Tissue Energy Storages Are Decreased After Cold Exposure
The main function of BAT is to convert chemical energy into thermal energy. Estimation of metabolic energy content in lean and fat masses has been validated in well-controlled experiments measuring whole-body energy intake and expenditure (38), and the concept of energy equivalence has been used to quantify the energy influx to BAT during cold exposure (40). In addition, because BAT does not contain significant amounts of bone mineral or air and the tissue water is bound to proteins, its total mass can be taken as the potential energy substrate for heat generation. Therefore, we set out to quantify the cold-induced change in energy storages. BAT is composed of a mixture of lean and lipid masses, but its chemical energy storage equivalence is largely dominated by the lipid component (Figure 6A). When analyzed from this bioenergetic perspective, the variation in lean mass previously observed by us (Figure 5B) became insignificant, as cold-induced changes in energy content attributed to lean mass was substantially lower compared to energy variations in lipid mass (Figure 6B). Here, the significant decrease in fat mass was reflected in a diminished energy storage in the supraclavicular depot, which decreased from 126 ± 11 to 121 ± 10 kcal (−5 kcal; p = 0.03, Figure 6C). It was noticeable that this variation was not uniform in the volume histogram, but instead there were losses in the initial high-lipid area and gains in initially leaner parts of the tissue. To better visualize this effect, a contour plot was created to represent different thresholding possibilities for the analysis of energy variation (Figure 6D). When the higher FFs of the tissue were chosen, a large decrease in energy content was inferred. On the other hand, an analysis focusing on the FF interval between 30 and 70%, for example, would have resulted in the opposite conclusion that the tissue increased its chemical energy storage after cold exposure.

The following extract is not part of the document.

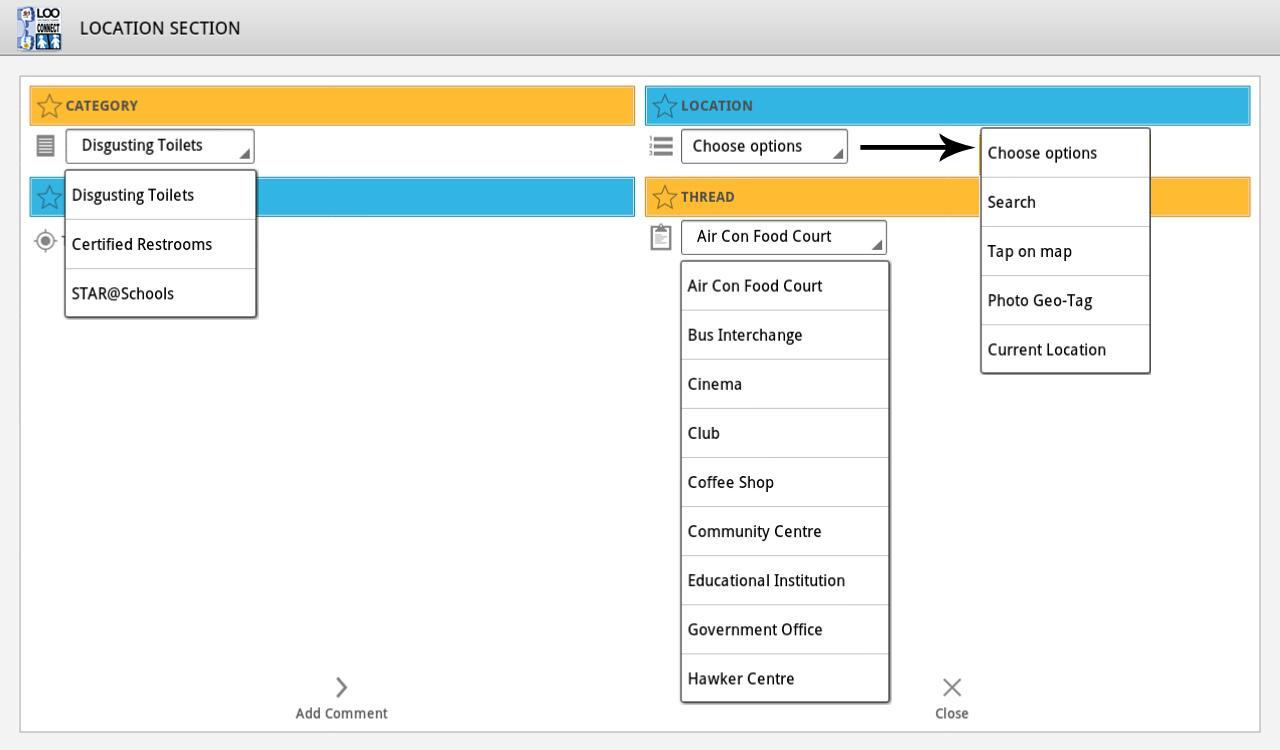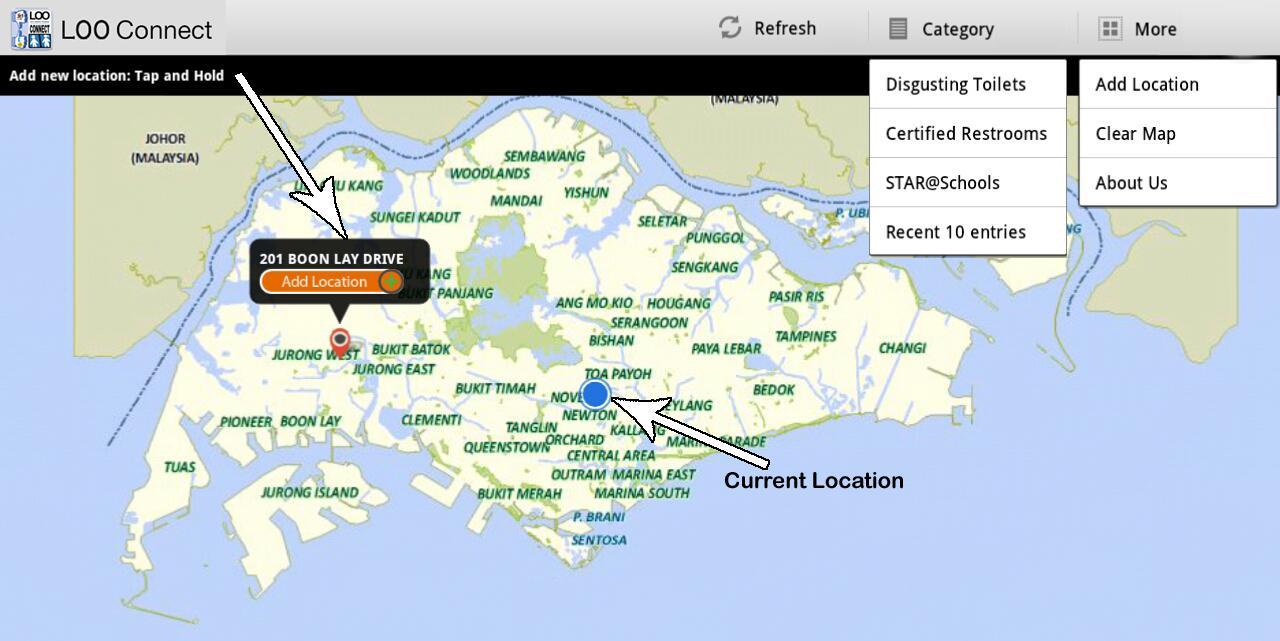 Loo (давайте соблюдаем себя) Connect - это инициатива Ассоциации туалетов (Сингапур) или RAS. Он использует плагин OneMap, который позволяет общественности найти более 200 чистых туалетных мест, сертифицированных RAS, а также выступает в качестве канала обратной связи туалета для общественности, чтобы предоставить комментарии либо добавления новых местоположений, либо разместив комментарии в существующих местах. Прежде чем добавить новое местоположение, пользователи должны указать тип туалетного оператора, такого как обмен автобусами, кафе, фуд -корт, центральный центр, станция MRT и т. Д.

Figure 6. Metabolizable energy content in the supraclavicular adipose depot. Representation of energy content in the supraclavicular depot at thermoneutrality, with specific values attributed to lean tissue or lipids (A). Changes in energy content attributed to lean or fat masses, represented over different fat fraction ranges (B). Total energy storages (kcal) before and after cold exposure analyzed, by using the paired t-test (C). Heatmap of the effect of different FF segmentation thresholds on estimated energy content differences after cooling. The color (second y-axis) depicts the estimated energy content difference for each lower (x-axis) and upper left (y-axis) threshold. The largest decrease in estimated energy is present with a lower threshold of 70% and no upper threshold. The triangle in the lower right corner indicates invalid FF threshold options, as we implemented a minimum FF threshold of 30% (D). Data represent mean ± SEM of all participants (n = 9). *p < 0.05.

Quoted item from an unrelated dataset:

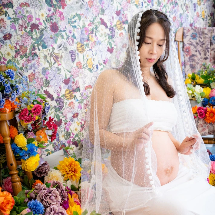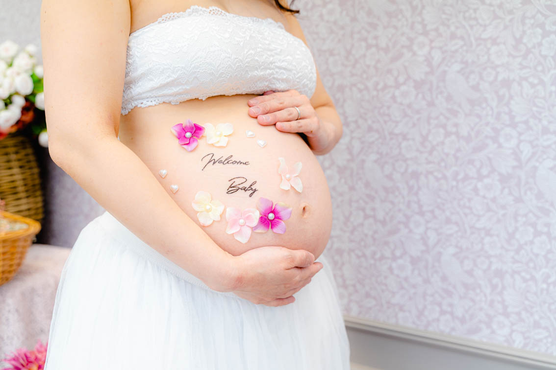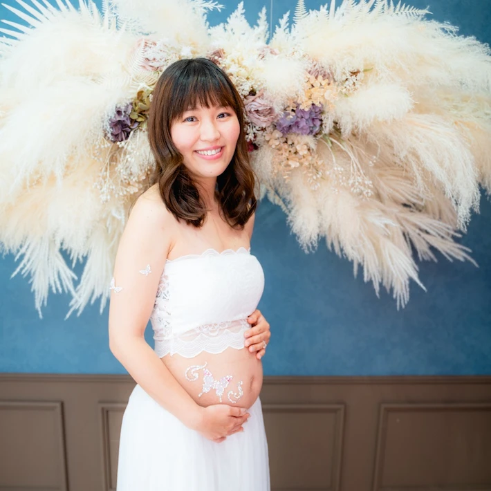 ⑤マタニティペイントシールを用いた撮影

Local Assessment of the Supraclavicular Adipose Tissue FF Distribution After Cold Exposure
Voxel-wise thermoneutral and post-cooling FF maps unveiled that the supraclavicular adipose tissue is composed of a juxtaposition of low-and high lipid zones, as exemplified in Figures 7A,B. After cold exposure, which is generally shown to decrease BAT lipid content, we found a high spatial variability in responses since several areas presented the expected reduction in lipids, while in contrast, other tissue areas increased their lipid content (Figure 7C). Lipid maps of the other eight subjects are presented in Supplemental Figure S4. Local FF changes were evaluated using a 2D joint histogram, where every voxel had its initial FF used as a reference to define the variation in FF that it underwent upon cold exposure, and the number of voxels belonging to each combination was added to represent the counts (color scale; Figure 7D). Assuming the vertical line as zero change, we observed FF changes along the entire thermoneutral FF range, with a clear increase in voxel-density in the higher FF range. To quantify this, K-means clustering was applied with the optimal cluster number equal to four. The results are shown in Supplemental Figure S5. Cluster analysis indeed revealed that for the high thermoneutral FF range, FF decreases were observed especially within cluster C1 (average thermoneutral FF: 76.0 ± 11.2%). The average FF decrease after cold-exposure that corresponded to this cluster was −3.5 ± 2.2%.
Figure 7. Structural heterogeneity of brown adipose tissue in the supraclavicular region during cold exposure. Example of a reconstructed fat fraction map with merged z-slices before and after cooling (A,B) and cold-induced change (post-minus pre) (C) for n = 1. The 2D joint voxel histogram representing variation in change in lipid content of each voxel in relation to its thermoneutral FF from the voxel-wise analysis, wherein the colors represent the number of voxels belonging to each combination (D) for all participants (n = 9). Cold colors indicate decreases in fat fraction and warm colors indicate increases in fat fraction.
The Association Between Supraclavicular Adipose Tissue FF and T2* on a Local Level
Using voxel-wise analysis, we then studied the relation of the baseline T2* relaxation time to tissue FF (Figure 8A). values were near 10 ms at the lower FFs and circa 20–25 ms at the highest FFs. However, there was no clear relation between the baseline FFLoc and values. Also, when the cold-induced changes in were plotted against baseline FFLoc, no clear association was observed (Figure 8B). Regarding the changes in T2* Loc and FFLoc in response to cold exposure, for most voxels FFLoc decreases were accompanied by increases in (Figure 8C). The voxel distribution was analyzed using k-means clustering. Cluster C1 included the highest voxel counts per data point (Supplemental Figure S5). For this cluster, the average and FFLoc changes were 1.4 ± 1.5 ms and −2.2 ± 4.0%, respectively.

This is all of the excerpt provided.